What you are asked to do
Your output should consist of the lines from the first line of the records below through the one with "Kolonne Nr. 81", exactly, minus the pictures.

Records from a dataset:
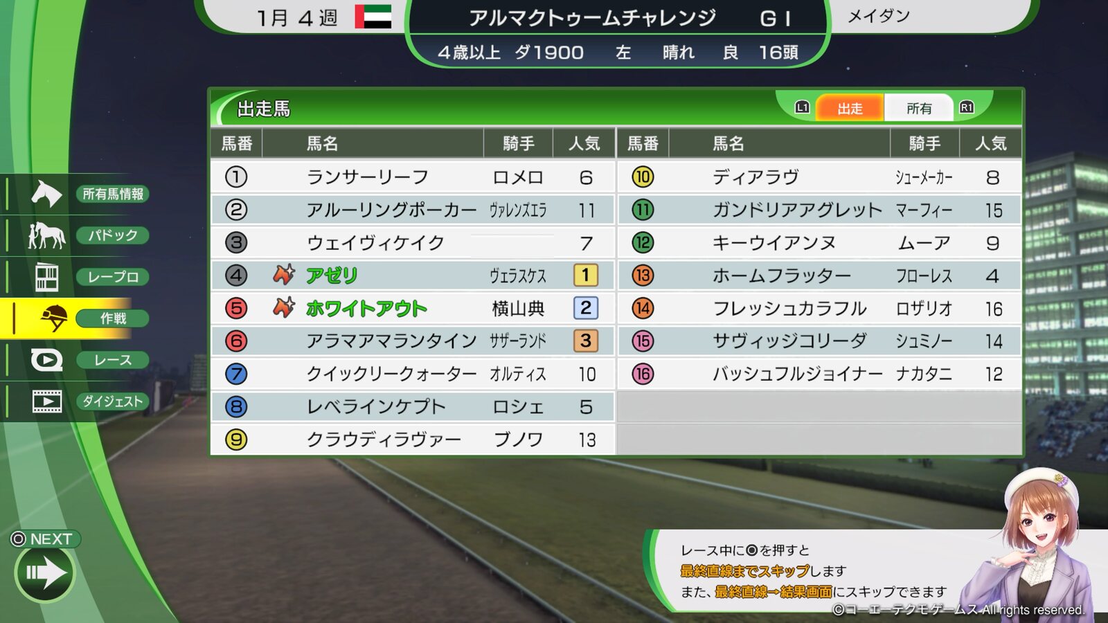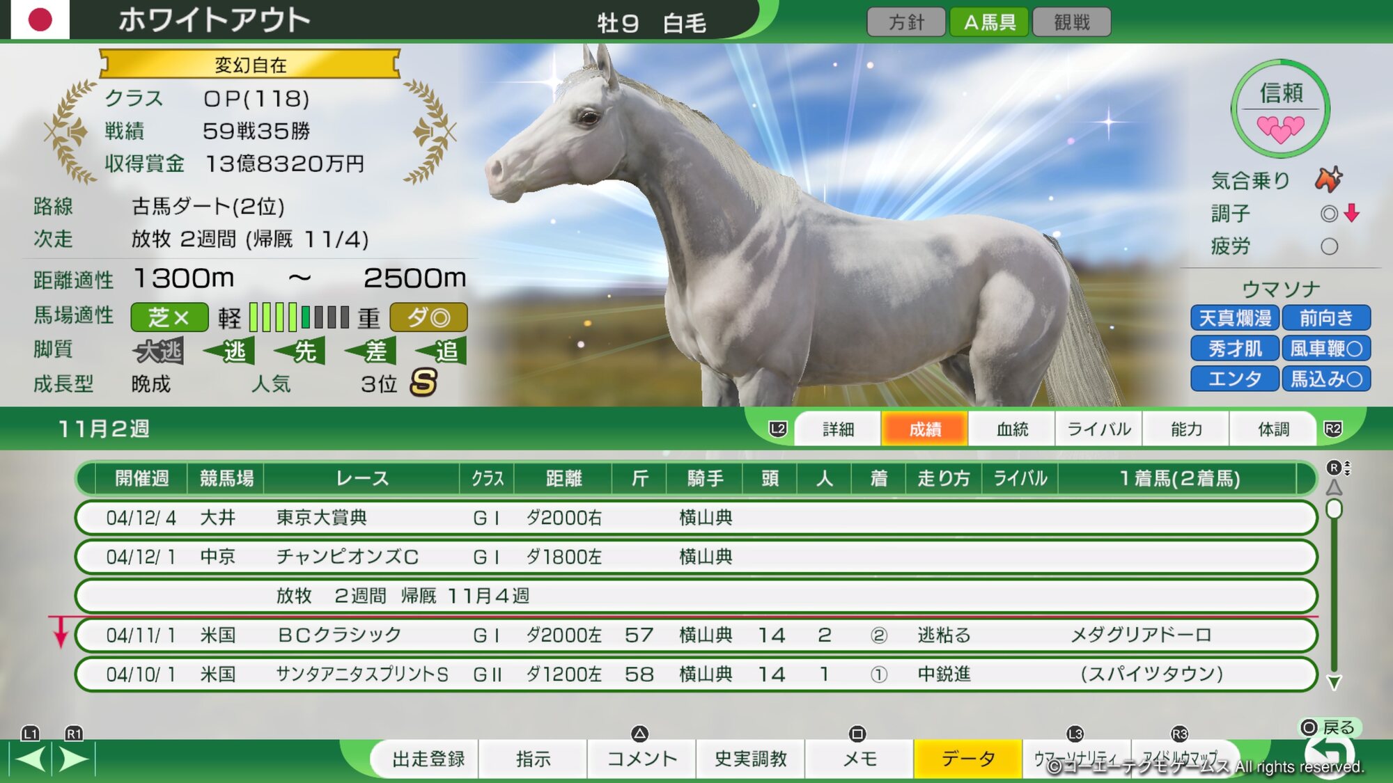 ウイポ架空白毛スレ(ホワイトアウト物語)パート2|あにまん掲示板現時点でのホワイトアウト号・5戦3勝2着2回・主な勝ち鞍:伏竜S・主戦騎手は未だ固定なし・現在ユニコーンSに向けて調整中bbs.animanch.comパート3
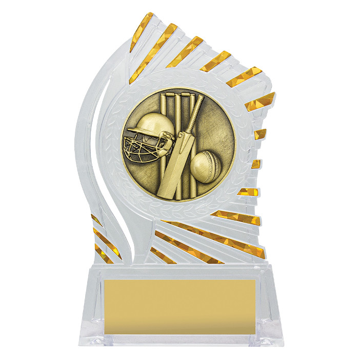 The Solar Acrylic Cricket Awards present a terrific low-cost option that will keep your bank balance happy! These durable stand-style, acrylic awards feature a gold metal motif depicting your sport/activity and have a bright gold dazzling sunray surround. The price includes free engraving on a gold metal plate! These incredible value cricket awards are available in the following sizes: 145mm.
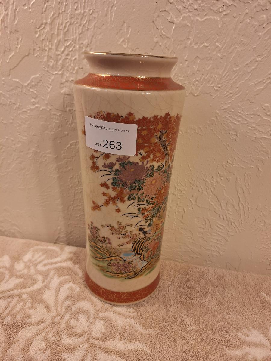 vintage Japanese Peacock floral vase with gold trim see all photos.
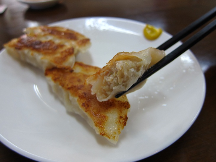 パリパリに焼かれた小ぶりの餃子です。餡はとってもジューシーで、餡に味がついているので、出してくれるタレは酢と醤油の割合が8:2のようです。肉汁の多い餃子には酸味の多いサッパリしたタレがよく合いますね。
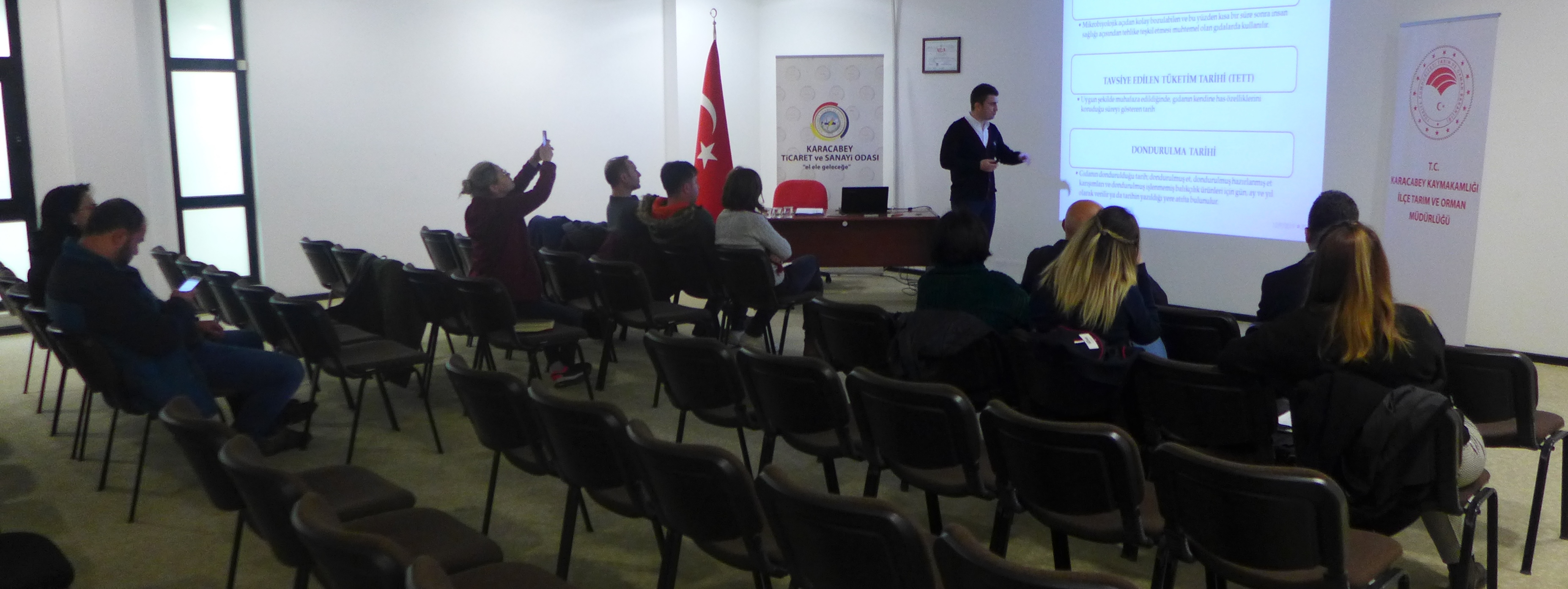 Karacabey İlçe Tarım ve Orman Müdürlüğü yetkililerinin sunumuyla gerçekleştirilen seminerde katılımcılara Türk Gıda Kodeksi Gıda Etiketleme ve Tüketicileri Bilgilendirme Yönetmeliği konusunda detaylı bilgiler aktarıldı.
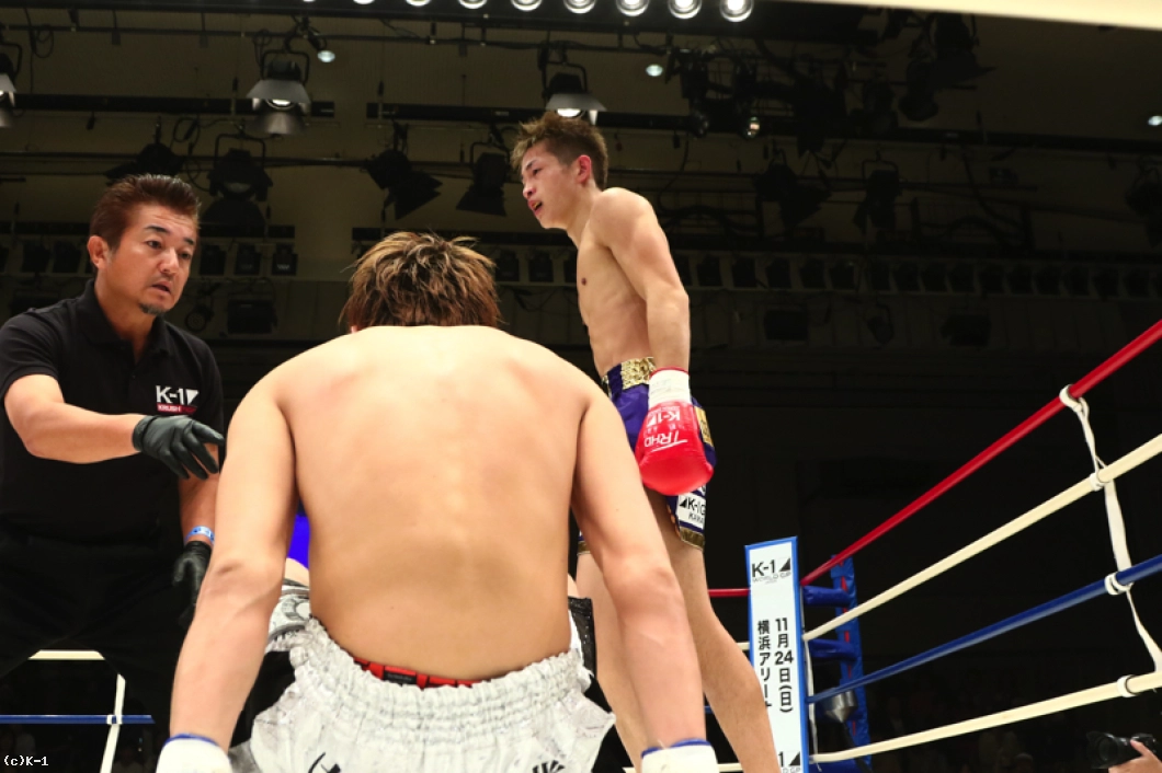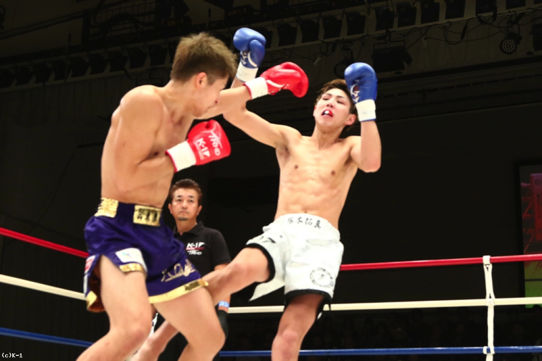 2R、初回にダウンを奪った鈴木は詰めていく戦法を変えない。左ジャブから入り右ストレート・右クロスに繋げ、ローキックで攻める。塚本もボディにヒザを放ち、リーチのある左右ストレートで応戦する。ここで鈴木のストレートがとらえ、塚本はダメージを見せ後退。鈴木はダウンを迫り、左フックと右ストレートを浴びせる。
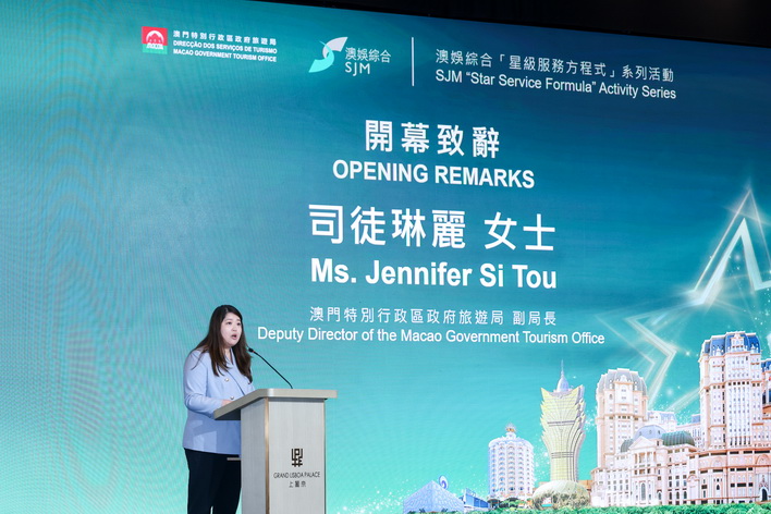 旅遊局副局長司徒琳麗、澳娛綜合常務董事何超鳳及旅遊業界代表等出席了系列培訓啟動儀式,司徒琳麗致辭時表示,「星級服務方程式」系列培訓活動旨在提升專業技能和服務質量,除了業界,亦有澳門大專院校學生參加專業培訓,為未來發展培育人才。期望透過多樣化培訓,賦能從業人員,與時並進,力求創新,提升澳門旅遊業的競爭力,讓居民和旅客體驗賓至如歸的「星級」服務,合力做優做精做強綜合旅遊休閒業。
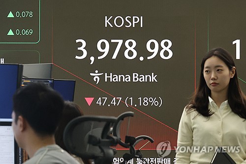 이날 오전 11시 현재 코스피는 전장보다 58.11포인트(1.44%) 내린 3,968.34다.
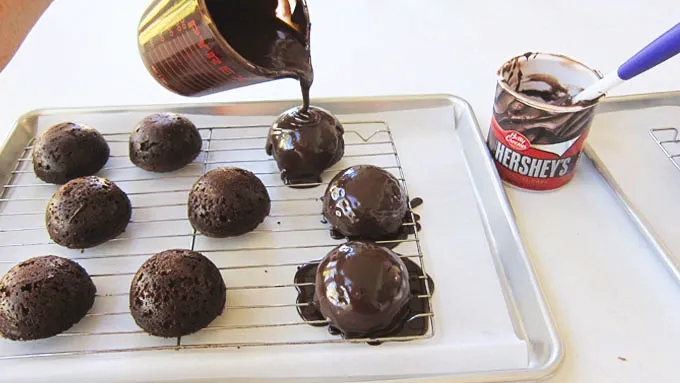 Step11Heat chocolate frosting and microwave for 45 to 90 seconds, until pourable.
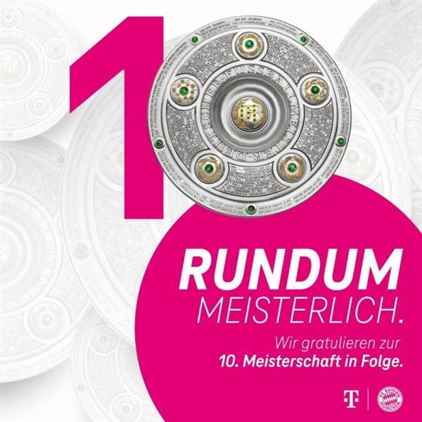 赛后拜仁的主赞助商德国电信发文祝贺:多么巨大的杰作!很自豪作为拜仁的主赞助商,祝贺他们接连十个赛季取得冠军头衔。咱们已在等待与你共度下一个十年。
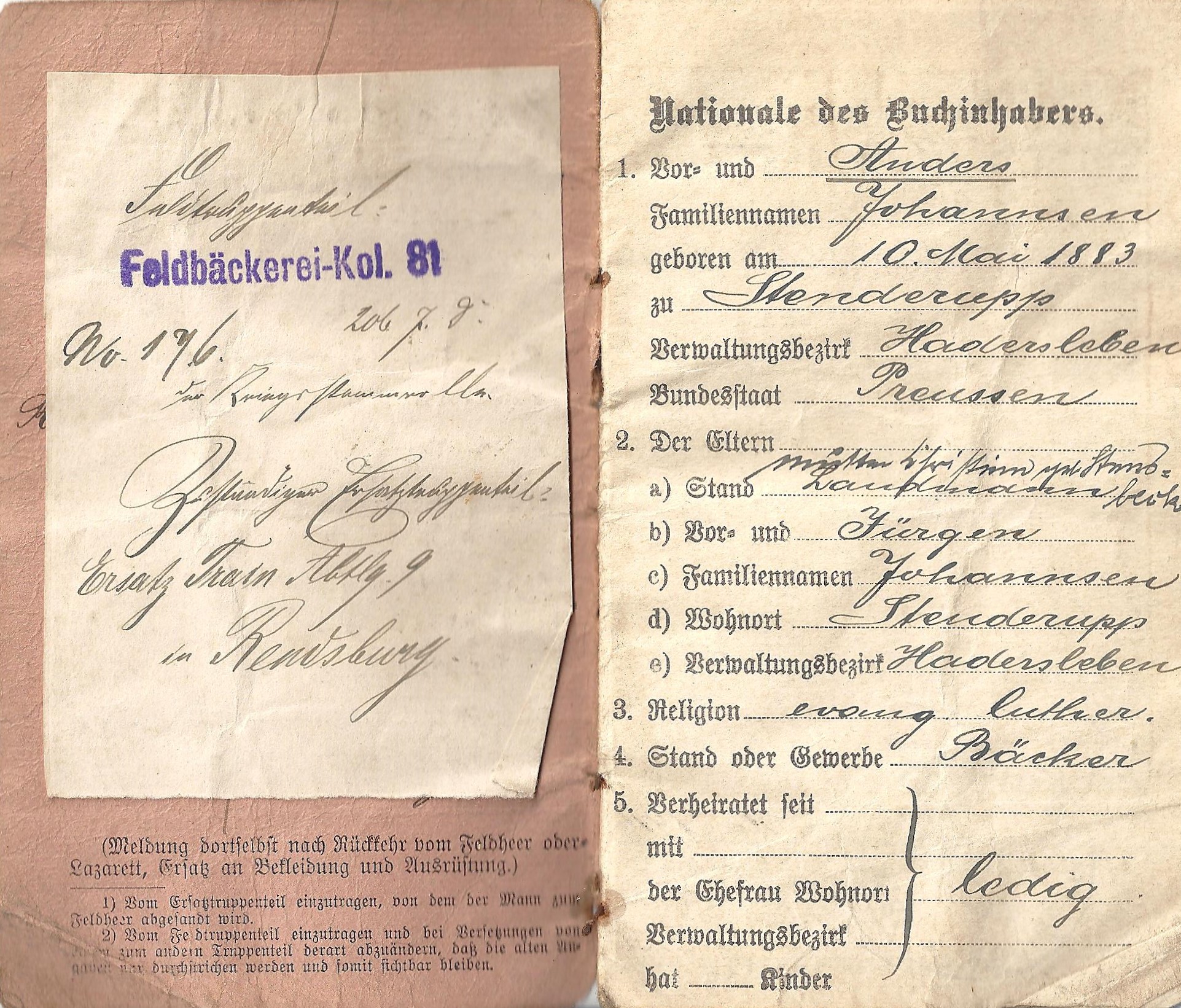 Enhed(er): Infanterie-Regiment „Hamburg“ (2. Hanseatisches) Nr. 76, 4. Kompagnie, Ersatz Train Abteilung Nr. 9, Ersatz Reserve Regiment Nr. 4, Feldbäckerei Kolonne Nr. 81
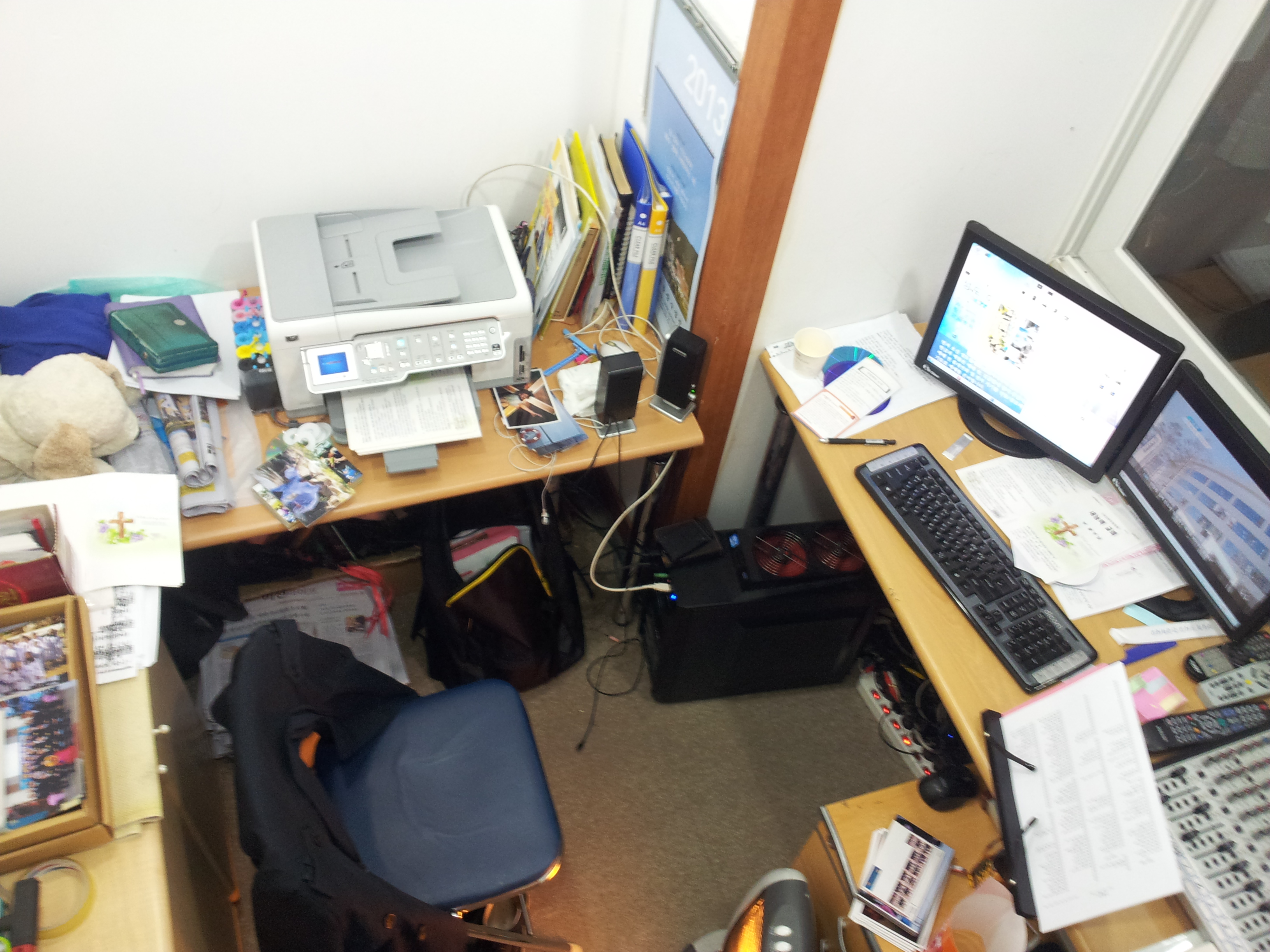 방송실 업무 강도는 어땠을까. ‘주일오전예배는 방송용으로 녹음됩니다’ 화면에서 시작한 pptx 화면은 네 줄 찬송가, 복음성가 가사를 넘어 성가대 찬송, 광고, 성경봉독, 다시 복음성가, ‘할렐루야! 한 주간도 승리하세요!’ 인사로 마쳐지면 대략 100장에서 150장 사이 완성된 하나의 프리젠테이션 자료를 발견할 수 있다. 관건은 찬송가와 복음성가, 은혜성가 자막이 얼마나 만들어졌느냐다. 개신교회는 가끔 정해진 순서대로 찬송을 진행하지 않는다. 찬송만 하더라도 불렀던 곡 또 부르고, 마음의 감동이 주어지면(아니 기독교적 표현으로 성령의 감동) 순서지에 없던 곡을 갑작스레 부르기도 한다. 그걸 대비해야 했다. 찬송가 645장, 복음성가 200여장, 은혜성가 300여장. 물론 다 만든 건 아니다. 자주 선곡하던 찬송 위주로 선별해 놓고 폴더 째 켜놓은 상태에서 예배에 돌입한다. 송출까지 맡았다면 완전한 생방송 체계였을 것이다.

Solution for this exercise
 ウイポ架空白毛スレ(ホワイトアウト物語)パート2|あにまん掲示板現時点でのホワイトアウト号・5戦3勝2着2回・主な勝ち鞍:伏竜S・主戦騎手は未だ固定なし・現在ユニコーンSに向けて調整中bbs.animanch.comパート3
 The Solar Acrylic Cricket Awards present a terrific low-cost option that will keep your bank balance happy! These durable stand-style, acrylic awards feature a gold metal motif depicting your sport/activity and have a bright gold dazzling sunray surround. The price includes free engraving on a gold metal plate! These incredible value cricket awards are available in the following sizes: 145mm.
 vintage Japanese Peacock floral vase with gold trim see all photos.
 パリパリに焼かれた小ぶりの餃子です。餡はとってもジューシーで、餡に味がついているので、出してくれるタレは酢と醤油の割合が8:2のようです。肉汁の多い餃子には酸味の多いサッパリしたタレがよく合いますね。
 Karacabey İlçe Tarım ve Orman Müdürlüğü yetkililerinin sunumuyla gerçekleştirilen seminerde katılımcılara Türk Gıda Kodeksi Gıda Etiketleme ve Tüketicileri Bilgilendirme Yönetmeliği konusunda detaylı bilgiler aktarıldı.
 2R、初回にダウンを奪った鈴木は詰めていく戦法を変えない。左ジャブから入り右ストレート・右クロスに繋げ、ローキックで攻める。塚本もボディにヒザを放ち、リーチのある左右ストレートで応戦する。ここで鈴木のストレートがとらえ、塚本はダメージを見せ後退。鈴木はダウンを迫り、左フックと右ストレートを浴びせる。
 旅遊局副局長司徒琳麗、澳娛綜合常務董事何超鳳及旅遊業界代表等出席了系列培訓啟動儀式,司徒琳麗致辭時表示,「星級服務方程式」系列培訓活動旨在提升專業技能和服務質量,除了業界,亦有澳門大專院校學生參加專業培訓,為未來發展培育人才。期望透過多樣化培訓,賦能從業人員,與時並進,力求創新,提升澳門旅遊業的競爭力,讓居民和旅客體驗賓至如歸的「星級」服務,合力做優做精做強綜合旅遊休閒業。
 이날 오전 11시 현재 코스피는 전장보다 58.11포인트(1.44%) 내린 3,968.34다.
 Step11Heat chocolate frosting and microwave for 45 to 90 seconds, until pourable.
 赛后拜仁的主赞助商德国电信发文祝贺:多么巨大的杰作!很自豪作为拜仁的主赞助商,祝贺他们接连十个赛季取得冠军头衔。咱们已在等待与你共度下一个十年。
 Enhed(er): Infanterie-Regiment „Hamburg“ (2. Hanseatisches) Nr. 76, 4. Kompagnie, Ersatz Train Abteilung Nr. 9, Ersatz Reserve Regiment Nr. 4, Feldbäckerei Kolonne Nr. 81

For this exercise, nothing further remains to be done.